▶ [Assigned task] Write out the lines below exactly, beginning at the one with "Kalbsleder, Kontrastnähte, Penny-Riemen, zweifarbig, runde" and stopping after the one with "Товар 83.6236-0175.3 Шлангопровод"; the pictures are not copied.

▶ [Input data]
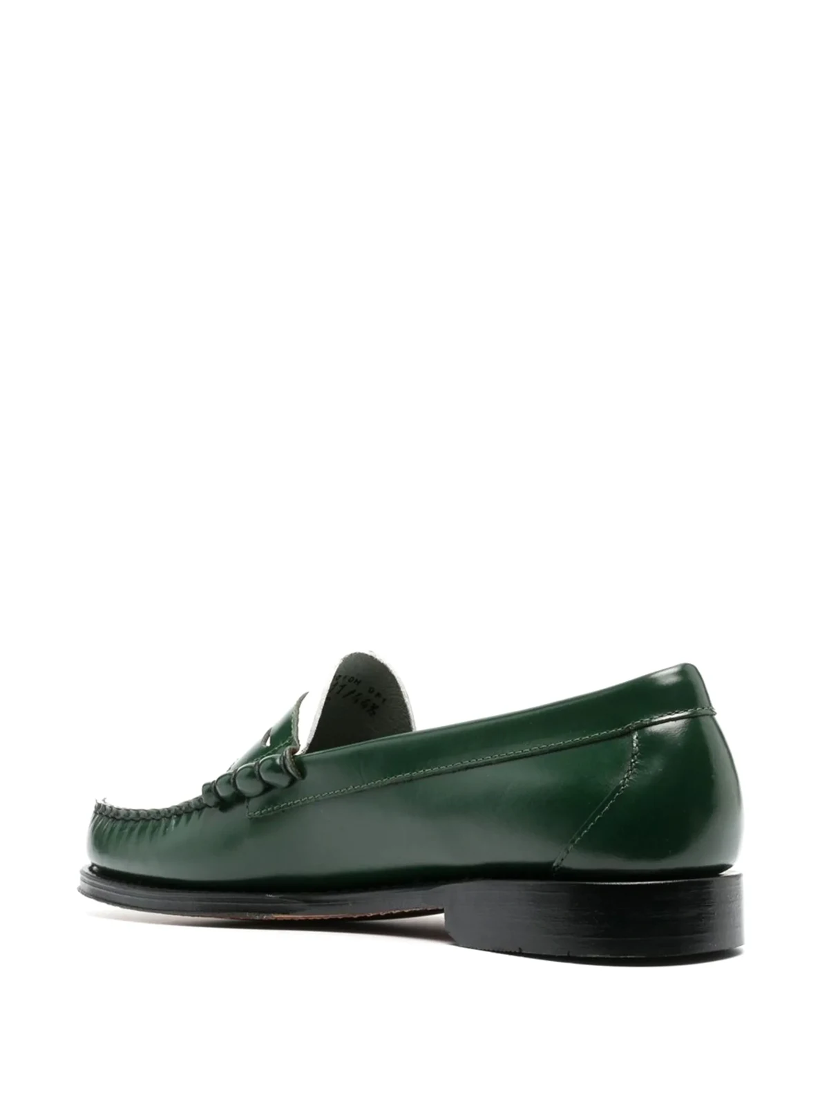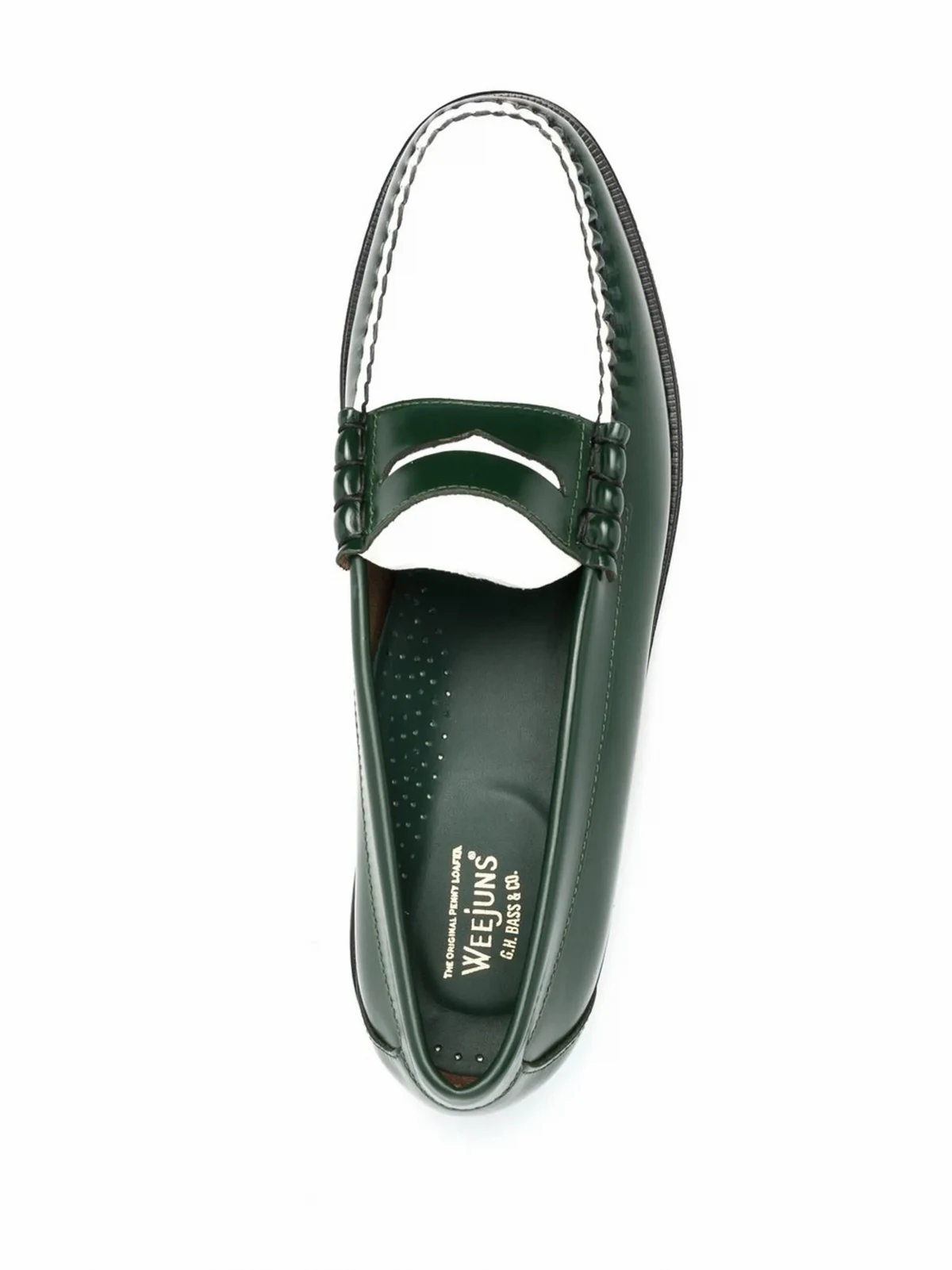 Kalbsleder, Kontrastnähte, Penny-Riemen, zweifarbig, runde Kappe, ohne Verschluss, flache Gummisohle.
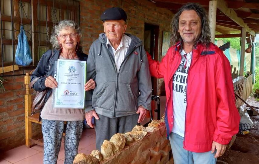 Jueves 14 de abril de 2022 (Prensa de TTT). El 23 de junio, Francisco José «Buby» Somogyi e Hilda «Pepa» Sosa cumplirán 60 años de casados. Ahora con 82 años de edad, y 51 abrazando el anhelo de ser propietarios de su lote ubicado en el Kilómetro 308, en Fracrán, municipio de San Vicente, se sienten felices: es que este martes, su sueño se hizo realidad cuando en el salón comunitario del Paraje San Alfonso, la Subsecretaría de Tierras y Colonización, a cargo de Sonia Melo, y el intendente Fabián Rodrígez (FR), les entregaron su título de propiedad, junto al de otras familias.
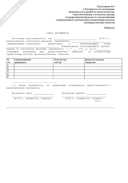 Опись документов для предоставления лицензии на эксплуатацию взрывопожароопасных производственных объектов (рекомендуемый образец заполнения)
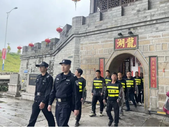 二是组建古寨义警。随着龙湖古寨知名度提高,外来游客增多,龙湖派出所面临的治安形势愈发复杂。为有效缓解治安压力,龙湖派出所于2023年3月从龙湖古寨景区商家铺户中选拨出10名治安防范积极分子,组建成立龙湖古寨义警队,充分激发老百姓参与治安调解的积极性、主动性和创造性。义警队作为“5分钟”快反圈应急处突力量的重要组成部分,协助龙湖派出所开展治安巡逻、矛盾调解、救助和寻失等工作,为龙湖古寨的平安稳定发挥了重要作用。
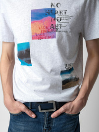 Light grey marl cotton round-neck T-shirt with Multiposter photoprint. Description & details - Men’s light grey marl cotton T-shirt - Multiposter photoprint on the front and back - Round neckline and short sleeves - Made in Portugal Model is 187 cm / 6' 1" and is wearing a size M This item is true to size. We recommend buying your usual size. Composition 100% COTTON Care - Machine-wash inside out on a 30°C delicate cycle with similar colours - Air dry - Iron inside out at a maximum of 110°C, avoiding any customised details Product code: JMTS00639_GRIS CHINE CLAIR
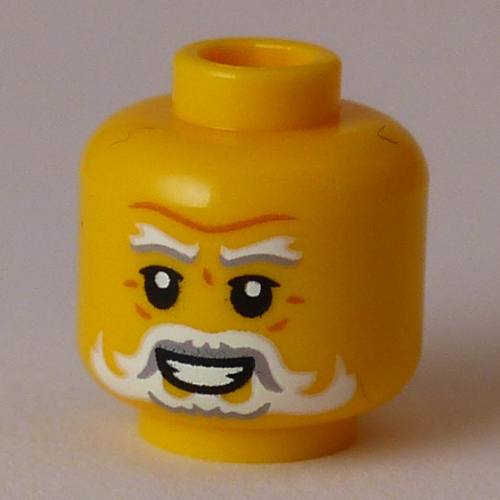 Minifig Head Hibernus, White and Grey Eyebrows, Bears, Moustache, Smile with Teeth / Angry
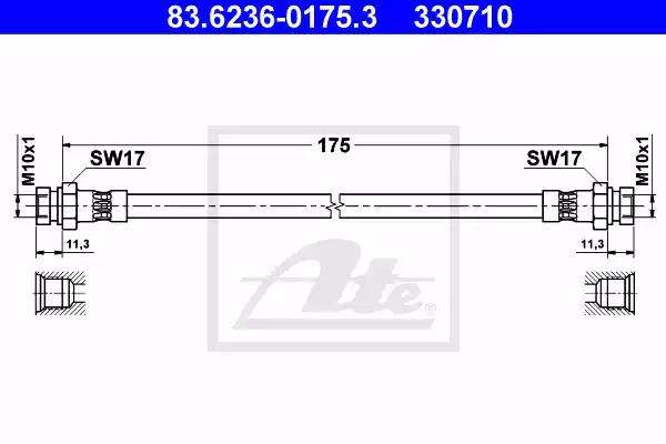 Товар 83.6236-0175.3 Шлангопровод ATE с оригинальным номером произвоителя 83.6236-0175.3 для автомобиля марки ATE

* * *

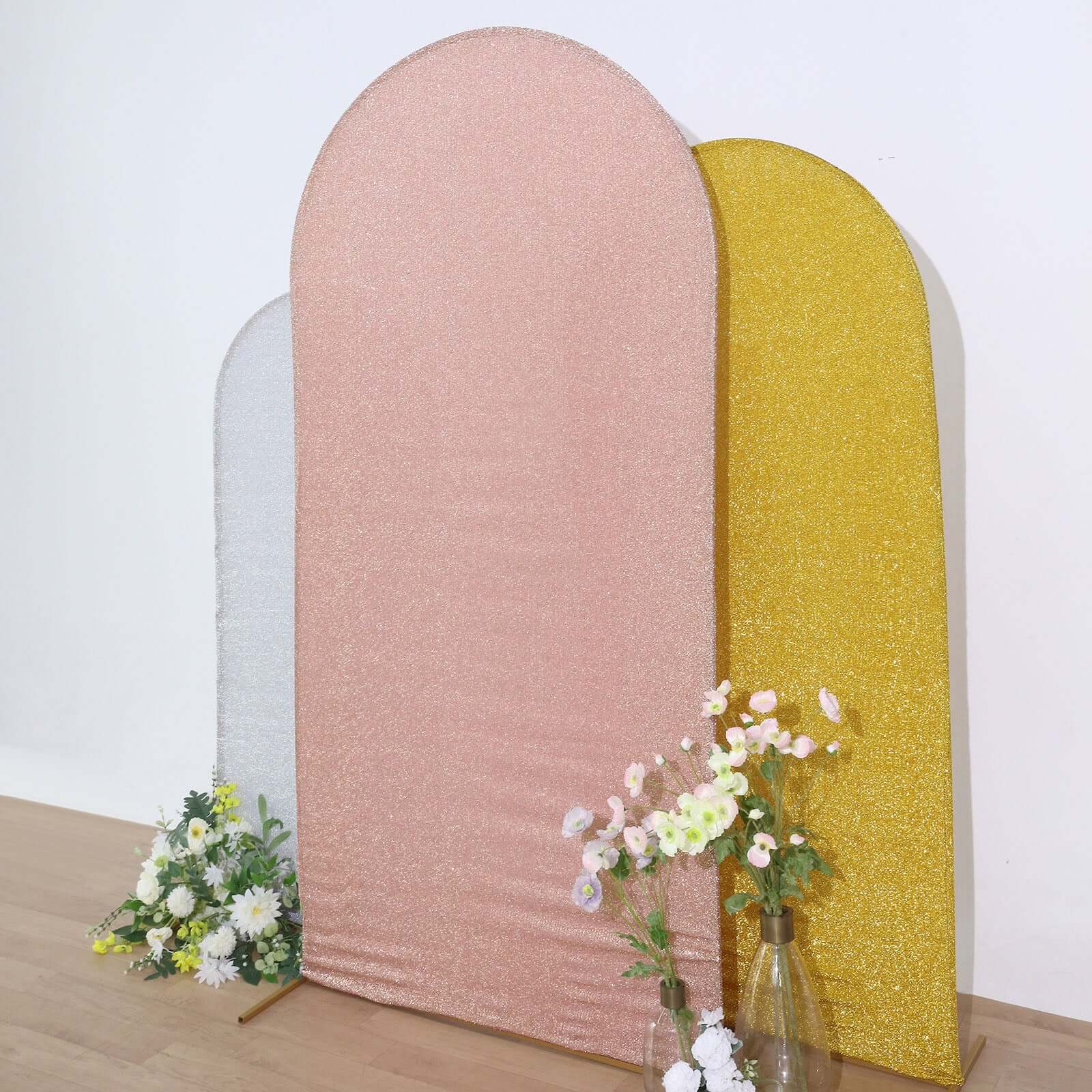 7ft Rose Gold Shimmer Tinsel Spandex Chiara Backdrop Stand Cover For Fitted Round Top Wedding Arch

* * *

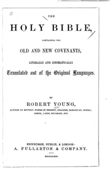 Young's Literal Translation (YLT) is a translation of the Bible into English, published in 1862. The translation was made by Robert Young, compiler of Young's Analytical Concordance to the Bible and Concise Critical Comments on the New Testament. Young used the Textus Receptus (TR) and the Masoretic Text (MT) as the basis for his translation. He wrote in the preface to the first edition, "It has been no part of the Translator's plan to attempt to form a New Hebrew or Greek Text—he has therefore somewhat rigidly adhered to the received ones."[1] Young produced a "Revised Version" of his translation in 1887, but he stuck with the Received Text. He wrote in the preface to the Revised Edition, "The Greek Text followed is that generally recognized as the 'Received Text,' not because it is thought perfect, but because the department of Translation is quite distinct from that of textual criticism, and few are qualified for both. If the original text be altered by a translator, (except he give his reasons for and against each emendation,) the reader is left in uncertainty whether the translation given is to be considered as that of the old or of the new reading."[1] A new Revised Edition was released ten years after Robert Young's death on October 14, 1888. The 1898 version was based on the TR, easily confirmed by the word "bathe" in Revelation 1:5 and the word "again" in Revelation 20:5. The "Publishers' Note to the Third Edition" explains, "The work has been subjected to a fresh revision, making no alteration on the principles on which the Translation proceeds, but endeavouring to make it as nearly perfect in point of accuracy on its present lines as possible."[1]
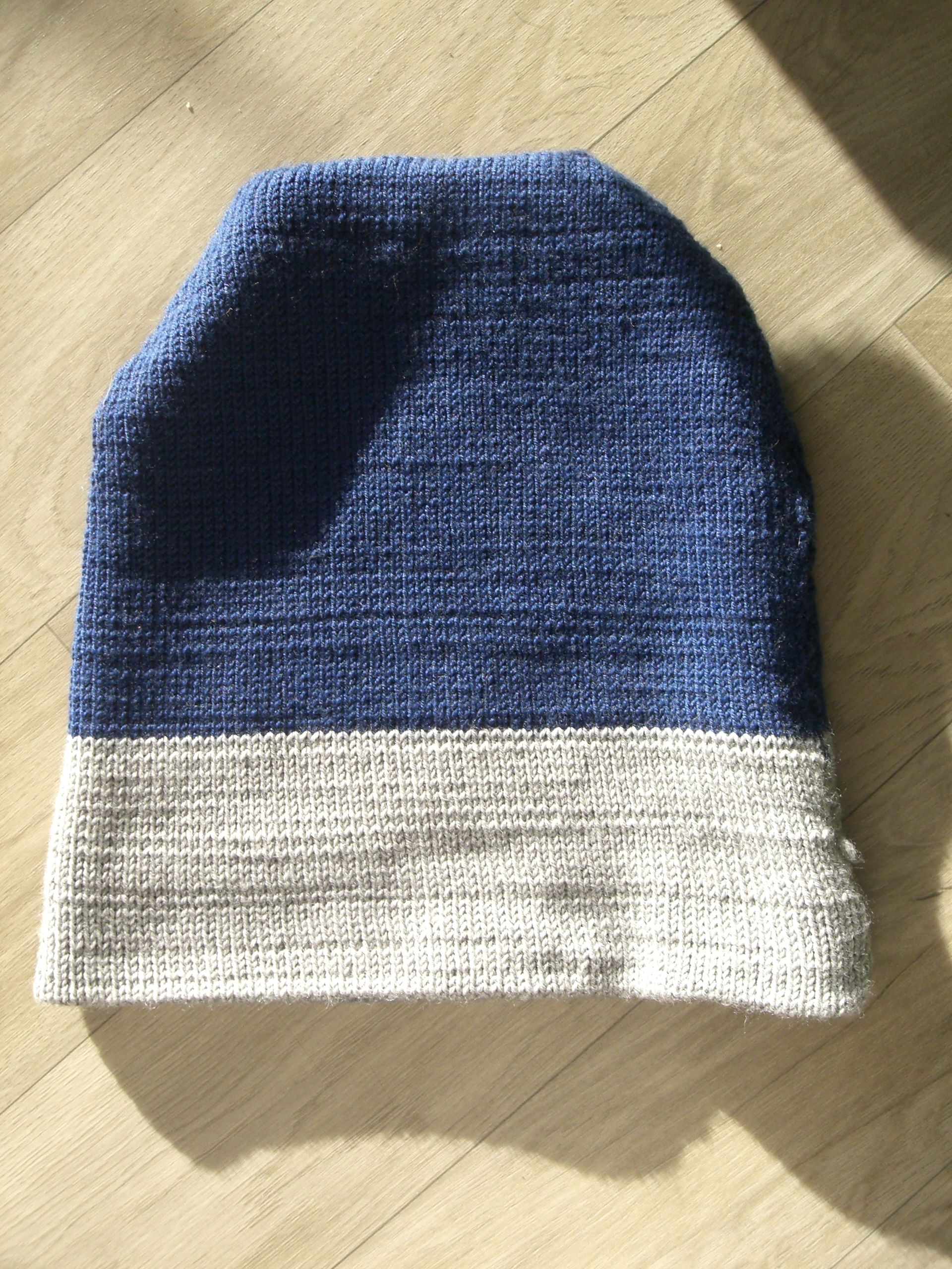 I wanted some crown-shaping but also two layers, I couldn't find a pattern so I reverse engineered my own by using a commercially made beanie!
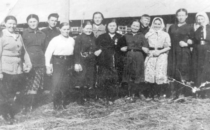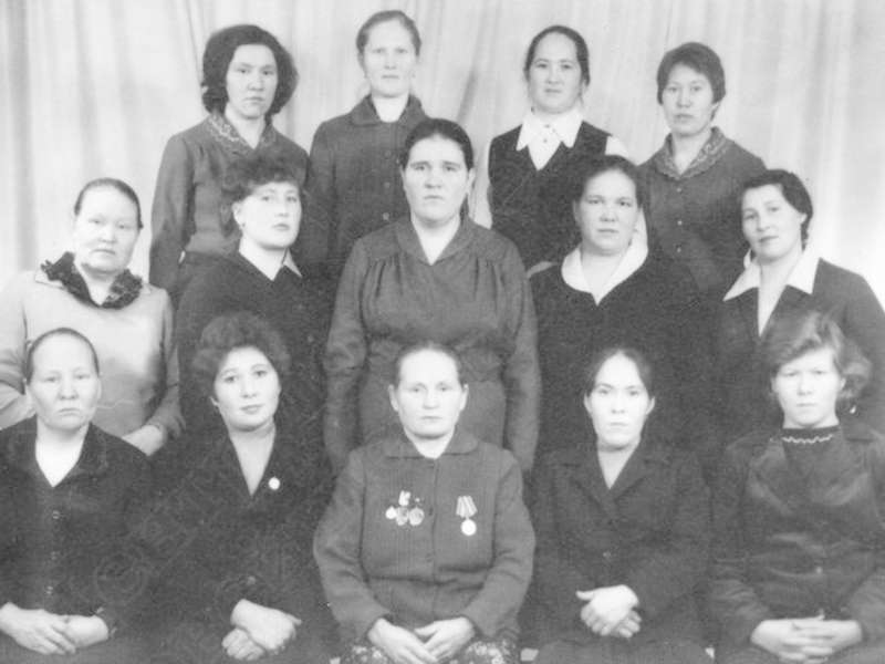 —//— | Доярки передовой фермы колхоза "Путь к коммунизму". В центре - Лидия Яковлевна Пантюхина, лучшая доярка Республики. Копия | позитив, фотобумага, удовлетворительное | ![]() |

▶ [Result of the task]
 Kalbsleder, Kontrastnähte, Penny-Riemen, zweifarbig, runde Kappe, ohne Verschluss, flache Gummisohle.
 Jueves 14 de abril de 2022 (Prensa de TTT). El 23 de junio, Francisco José «Buby» Somogyi e Hilda «Pepa» Sosa cumplirán 60 años de casados. Ahora con 82 años de edad, y 51 abrazando el anhelo de ser propietarios de su lote ubicado en el Kilómetro 308, en Fracrán, municipio de San Vicente, se sienten felices: es que este martes, su sueño se hizo realidad cuando en el salón comunitario del Paraje San Alfonso, la Subsecretaría de Tierras y Colonización, a cargo de Sonia Melo, y el intendente Fabián Rodrígez (FR), les entregaron su título de propiedad, junto al de otras familias.
 Опись документов для предоставления лицензии на эксплуатацию взрывопожароопасных производственных объектов (рекомендуемый образец заполнения)
 二是组建古寨义警。随着龙湖古寨知名度提高,外来游客增多,龙湖派出所面临的治安形势愈发复杂。为有效缓解治安压力,龙湖派出所于2023年3月从龙湖古寨景区商家铺户中选拨出10名治安防范积极分子,组建成立龙湖古寨义警队,充分激发老百姓参与治安调解的积极性、主动性和创造性。义警队作为“5分钟”快反圈应急处突力量的重要组成部分,协助龙湖派出所开展治安巡逻、矛盾调解、救助和寻失等工作,为龙湖古寨的平安稳定发挥了重要作用。
 Light grey marl cotton round-neck T-shirt with Multiposter photoprint. Description & details - Men’s light grey marl cotton T-shirt - Multiposter photoprint on the front and back - Round neckline and short sleeves - Made in Portugal Model is 187 cm / 6' 1" and is wearing a size M This item is true to size. We recommend buying your usual size. Composition 100% COTTON Care - Machine-wash inside out on a 30°C delicate cycle with similar colours - Air dry - Iron inside out at a maximum of 110°C, avoiding any customised details Product code: JMTS00639_GRIS CHINE CLAIR
 Minifig Head Hibernus, White and Grey Eyebrows, Bears, Moustache, Smile with Teeth / Angry
 Товар 83.6236-0175.3 Шлангопровод ATE с оригинальным номером произвоителя 83.6236-0175.3 для автомобиля марки ATE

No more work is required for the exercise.